Actually, the idea that “gifted children do very well in school” is one of many myths about gifted children. They often are either so bored they sort of mentally check out of school, or their brain is simply wired differently and a traditional classroom just can’t meet their needs. Because of that, they often do poorly when it comes to grades, although they might be doing things like writing a novel or conducting scientific experiments in their spare time.

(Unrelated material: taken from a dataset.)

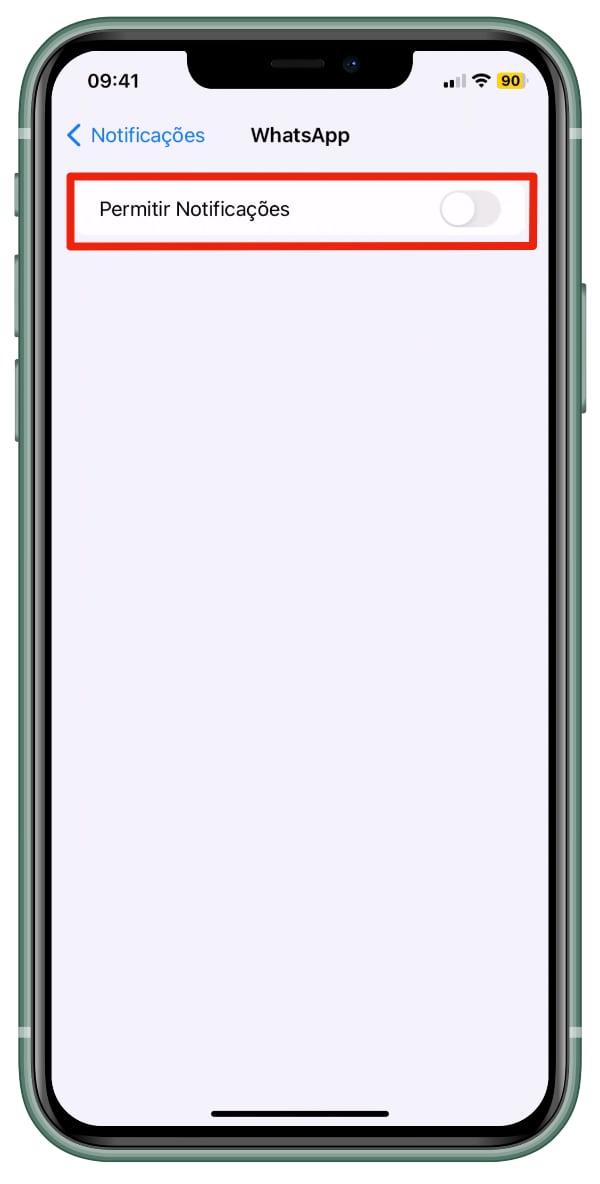 - Por fim desative a alternância ao lado de Permitir Notificações.

In 1982, Gifted Child Quarterly, the journal published by the National Association for Gifted Children, published an article on myths about educating gifted children. In their current issue, the journal gave the research a fresh look and found that most of the myths remain, and some new ones have joined them. Among those are:
* Creativity is too difficult to measure
* Gifted education means having a program
* High ability students don’t face problems and challenges
* It’s “fair” to teach all children the same way
* Advanced Placement (AP) is an adequate secondary program.
I think anyone who’s watched these kids struggle in school would agree that while traditional schools might do a great job of educating the kids within the spectrum of normal, they’re not so good about dealing with anyone outside that group. I don’t have any answers. Do you?